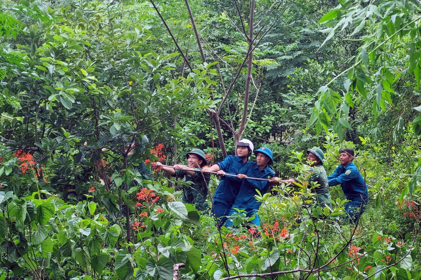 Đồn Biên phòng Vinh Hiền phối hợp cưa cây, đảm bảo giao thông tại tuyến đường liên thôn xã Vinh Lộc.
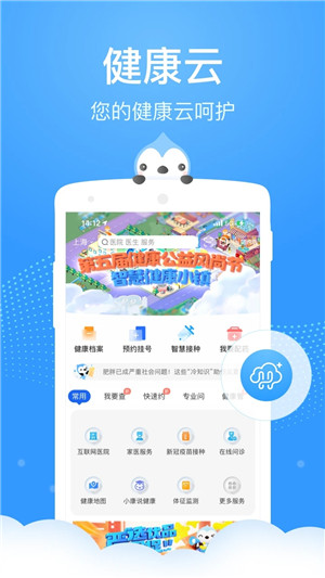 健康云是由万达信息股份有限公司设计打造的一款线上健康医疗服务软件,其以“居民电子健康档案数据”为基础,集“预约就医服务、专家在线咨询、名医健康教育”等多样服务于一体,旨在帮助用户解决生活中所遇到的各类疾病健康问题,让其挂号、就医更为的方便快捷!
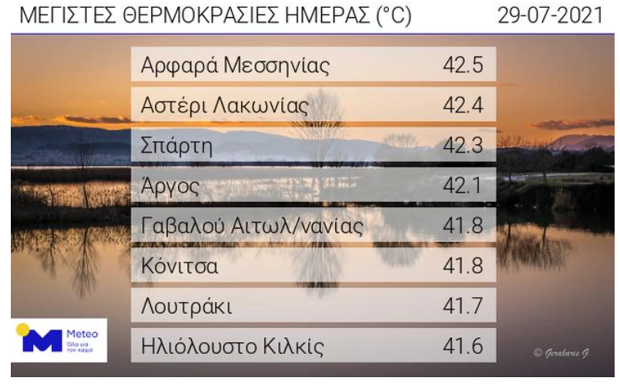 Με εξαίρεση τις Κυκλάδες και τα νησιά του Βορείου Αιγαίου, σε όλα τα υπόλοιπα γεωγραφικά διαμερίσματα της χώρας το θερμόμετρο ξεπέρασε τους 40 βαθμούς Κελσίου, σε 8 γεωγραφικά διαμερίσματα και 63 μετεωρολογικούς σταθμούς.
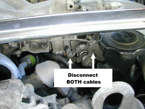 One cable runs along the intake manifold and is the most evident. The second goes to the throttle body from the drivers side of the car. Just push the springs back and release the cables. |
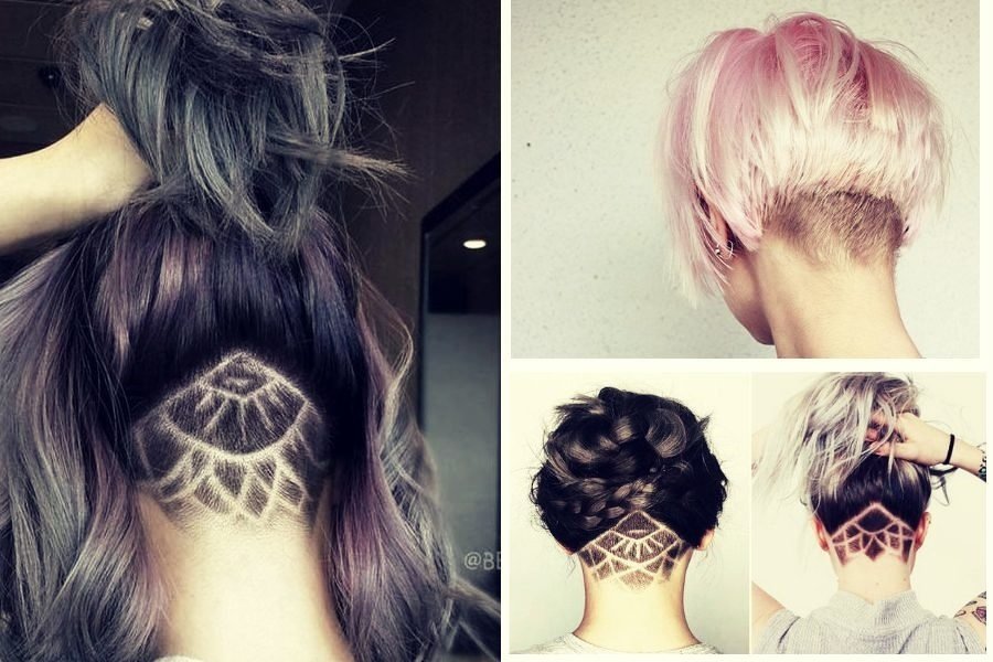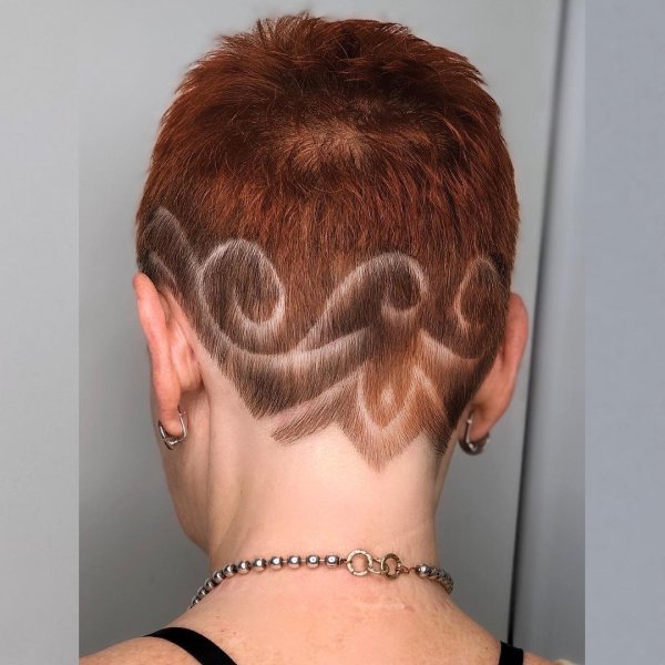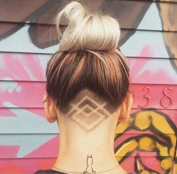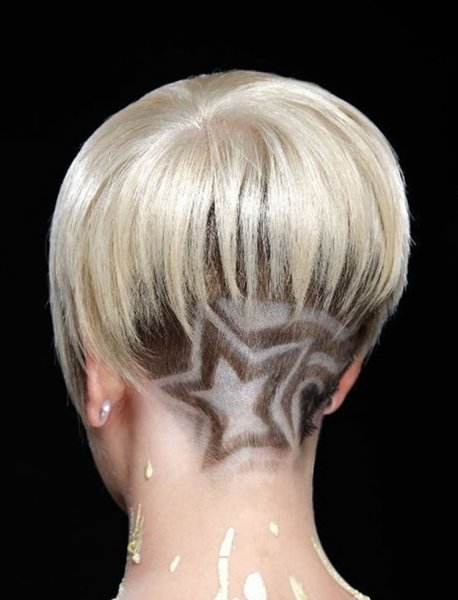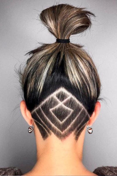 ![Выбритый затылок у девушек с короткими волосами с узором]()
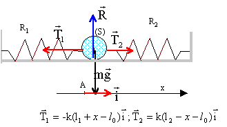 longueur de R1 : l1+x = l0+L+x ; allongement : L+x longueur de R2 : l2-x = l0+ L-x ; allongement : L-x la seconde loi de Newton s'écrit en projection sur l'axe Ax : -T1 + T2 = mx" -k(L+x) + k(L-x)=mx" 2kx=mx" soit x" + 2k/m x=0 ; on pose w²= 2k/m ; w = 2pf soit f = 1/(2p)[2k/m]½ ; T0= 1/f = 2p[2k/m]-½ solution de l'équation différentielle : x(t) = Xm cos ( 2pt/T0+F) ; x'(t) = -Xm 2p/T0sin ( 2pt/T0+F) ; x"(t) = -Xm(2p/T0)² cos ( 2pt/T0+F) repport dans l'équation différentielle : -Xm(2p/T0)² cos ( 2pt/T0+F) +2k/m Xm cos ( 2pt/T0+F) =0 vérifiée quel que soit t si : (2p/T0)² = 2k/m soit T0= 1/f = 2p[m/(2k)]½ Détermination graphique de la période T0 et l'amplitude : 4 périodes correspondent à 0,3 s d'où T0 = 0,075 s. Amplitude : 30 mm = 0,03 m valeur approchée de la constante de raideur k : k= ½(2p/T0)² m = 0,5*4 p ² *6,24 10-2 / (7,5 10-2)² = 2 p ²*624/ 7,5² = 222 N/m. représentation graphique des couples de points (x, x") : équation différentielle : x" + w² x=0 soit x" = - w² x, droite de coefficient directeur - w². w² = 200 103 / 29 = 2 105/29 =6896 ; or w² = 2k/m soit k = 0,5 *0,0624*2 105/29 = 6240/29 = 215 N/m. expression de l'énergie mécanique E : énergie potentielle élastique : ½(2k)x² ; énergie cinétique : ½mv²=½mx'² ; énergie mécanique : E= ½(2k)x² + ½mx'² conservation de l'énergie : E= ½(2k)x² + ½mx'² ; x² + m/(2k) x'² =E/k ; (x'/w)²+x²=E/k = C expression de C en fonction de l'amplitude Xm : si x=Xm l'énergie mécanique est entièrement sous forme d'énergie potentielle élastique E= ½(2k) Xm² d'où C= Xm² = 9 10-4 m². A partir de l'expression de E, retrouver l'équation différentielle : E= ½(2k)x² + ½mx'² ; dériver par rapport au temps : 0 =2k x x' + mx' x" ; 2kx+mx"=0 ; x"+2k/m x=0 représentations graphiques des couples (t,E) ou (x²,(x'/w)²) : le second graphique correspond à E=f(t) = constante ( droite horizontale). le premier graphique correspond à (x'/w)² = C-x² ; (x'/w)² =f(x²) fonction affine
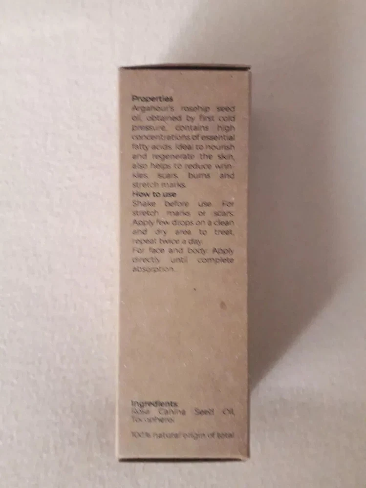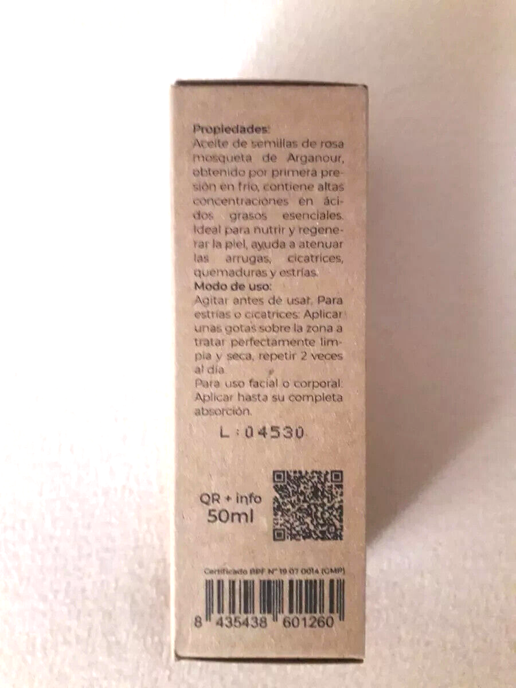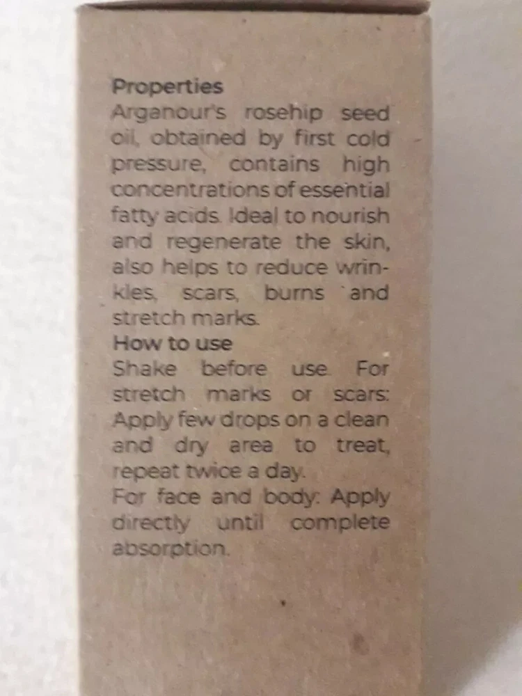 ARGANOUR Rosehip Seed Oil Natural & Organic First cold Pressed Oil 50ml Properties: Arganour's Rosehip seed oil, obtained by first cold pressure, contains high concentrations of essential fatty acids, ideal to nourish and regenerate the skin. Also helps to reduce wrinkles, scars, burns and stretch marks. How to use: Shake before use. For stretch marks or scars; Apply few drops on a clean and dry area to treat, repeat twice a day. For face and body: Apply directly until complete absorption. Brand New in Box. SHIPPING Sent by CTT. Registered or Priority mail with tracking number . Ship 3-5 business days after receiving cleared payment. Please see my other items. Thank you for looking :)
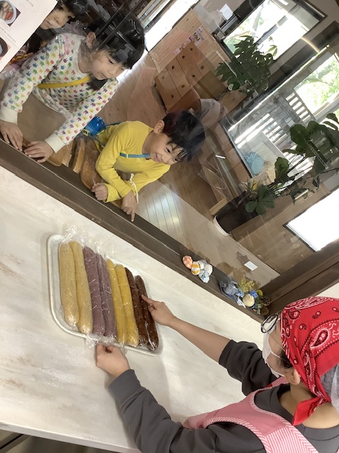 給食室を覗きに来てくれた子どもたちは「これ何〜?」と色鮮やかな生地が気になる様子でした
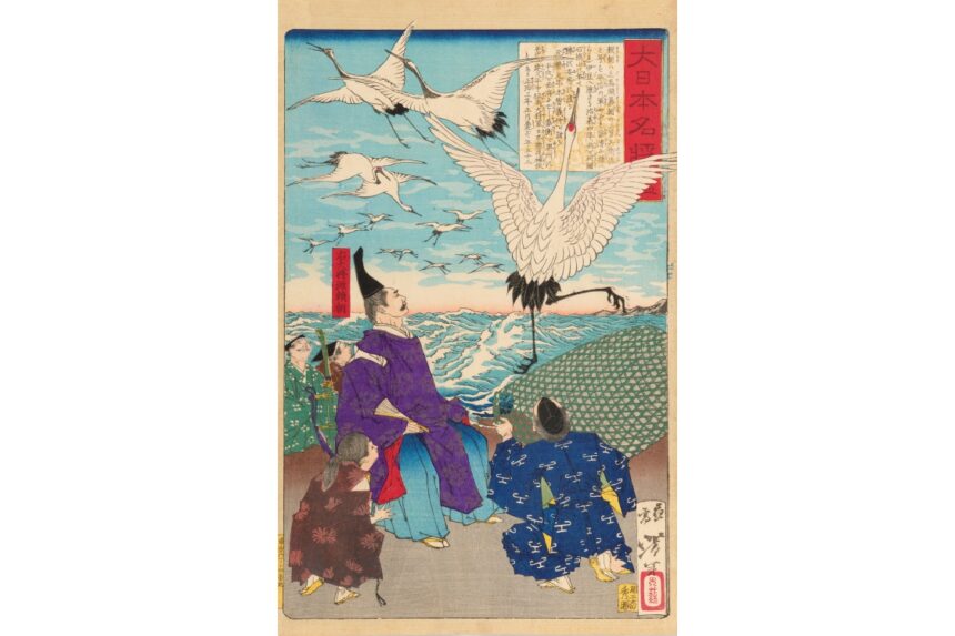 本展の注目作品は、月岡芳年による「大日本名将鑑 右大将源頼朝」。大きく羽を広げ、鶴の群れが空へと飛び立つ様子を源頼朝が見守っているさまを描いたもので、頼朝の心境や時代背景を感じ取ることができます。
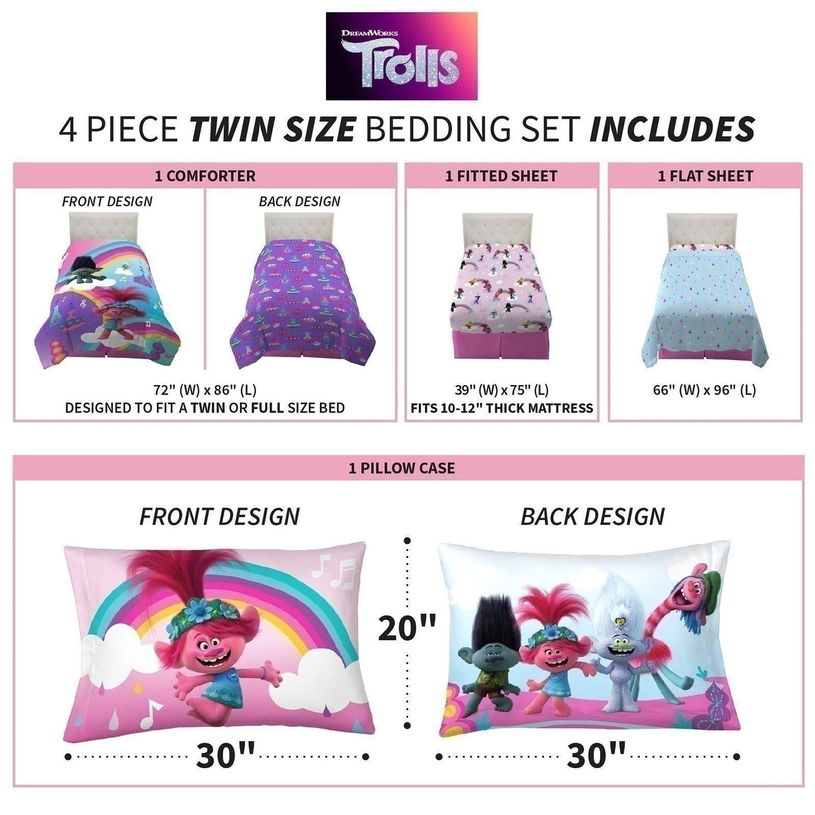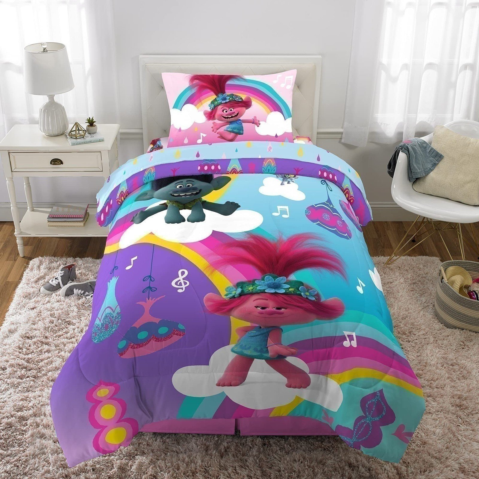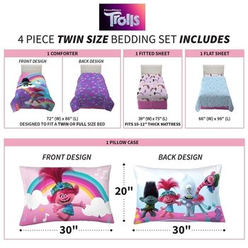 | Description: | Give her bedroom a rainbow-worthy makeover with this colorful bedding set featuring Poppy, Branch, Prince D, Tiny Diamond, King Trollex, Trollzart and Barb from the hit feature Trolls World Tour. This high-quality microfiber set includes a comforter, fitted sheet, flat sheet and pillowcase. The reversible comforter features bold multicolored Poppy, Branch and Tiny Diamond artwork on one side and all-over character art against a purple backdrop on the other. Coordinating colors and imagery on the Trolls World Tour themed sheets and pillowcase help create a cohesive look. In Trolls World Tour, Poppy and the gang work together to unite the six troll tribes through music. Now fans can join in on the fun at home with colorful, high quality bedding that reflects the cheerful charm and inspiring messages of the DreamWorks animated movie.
--- --- ---
**Task requirements**
Extract the part of the records that opens with the line containing "給食室を覗きに来てくれた子ど" and closes with the line containing "本展の注目作品は、月岡芳年に". Take only those lines, exactly, and no pictures.

**Task output**
 給食室を覗きに来てくれた子どもたちは「これ何〜?」と色鮮やかな生地が気になる様子でした
 本展の注目作品は、月岡芳年による「大日本名将鑑 右大将源頼朝」。大きく羽を広げ、鶴の群れが空へと飛び立つ様子を源頼朝が見守っているさまを描いたもので、頼朝の心境や時代背景を感じ取ることができます。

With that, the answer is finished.